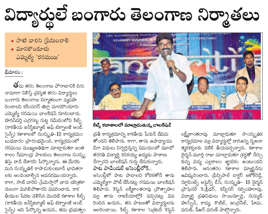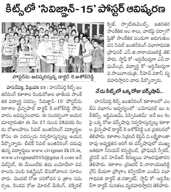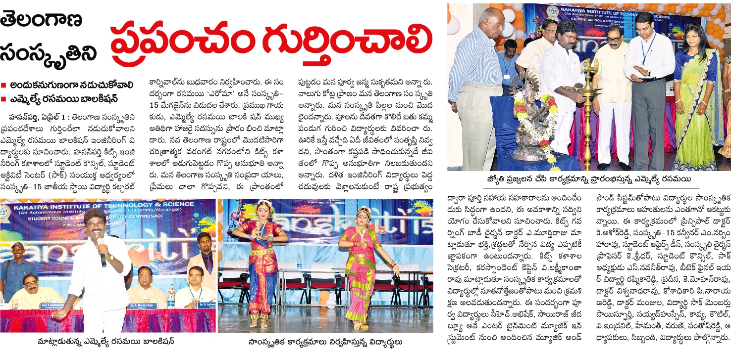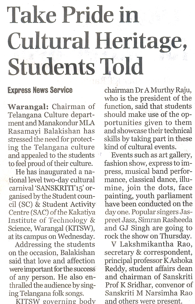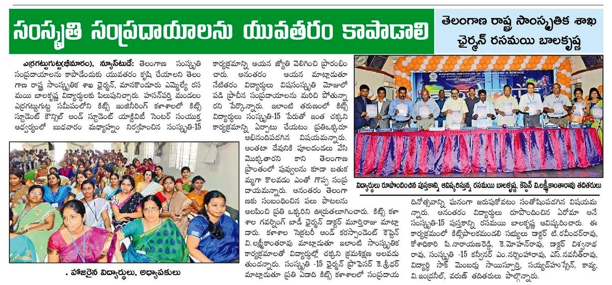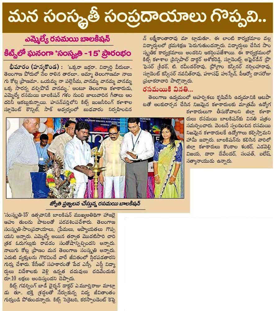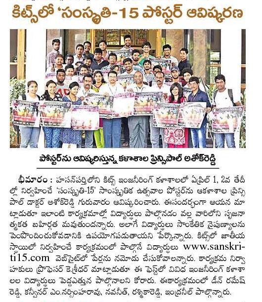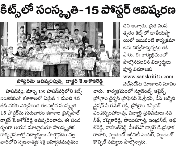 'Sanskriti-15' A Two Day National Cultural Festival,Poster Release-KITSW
--
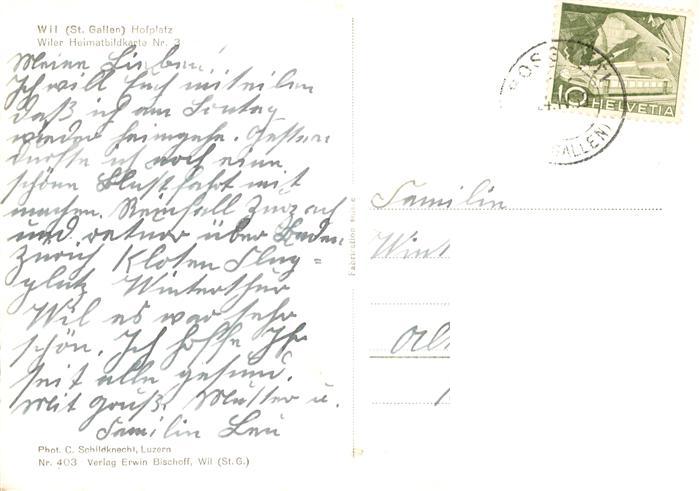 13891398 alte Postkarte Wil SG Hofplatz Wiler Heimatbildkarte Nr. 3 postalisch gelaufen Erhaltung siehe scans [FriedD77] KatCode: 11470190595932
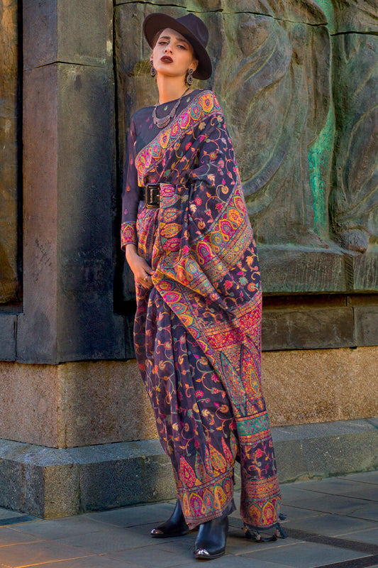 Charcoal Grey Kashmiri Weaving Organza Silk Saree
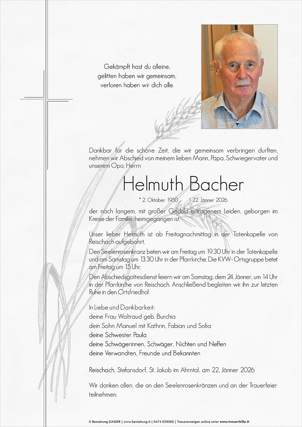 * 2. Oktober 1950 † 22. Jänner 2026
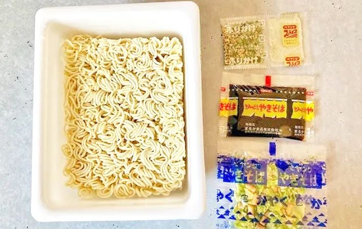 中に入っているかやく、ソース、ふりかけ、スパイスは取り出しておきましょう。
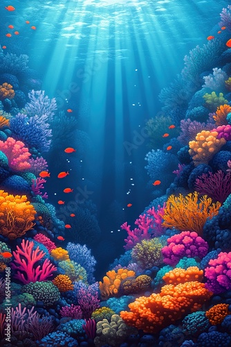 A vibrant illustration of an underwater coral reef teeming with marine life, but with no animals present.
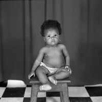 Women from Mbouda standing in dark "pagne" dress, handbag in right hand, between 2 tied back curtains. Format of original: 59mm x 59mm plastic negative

- Brief
Using the listing above, reproduce word for word every line from the one containing "Charcoal Grey Kashmiri" through the one containing "Women from Mbouda". Pictures must be left out.

- Response to this exercise
 Charcoal Grey Kashmiri Weaving Organza Silk Saree
 * 2. Oktober 1950 † 22. Jänner 2026
 中に入っているかやく、ソース、ふりかけ、スパイスは取り出しておきましょう。
 A vibrant illustration of an underwater coral reef teeming with marine life, but with no animals present.
 Women from Mbouda standing in dark "pagne" dress, handbag in right hand, between 2 tied back curtains. Format of original: 59mm x 59mm plastic negative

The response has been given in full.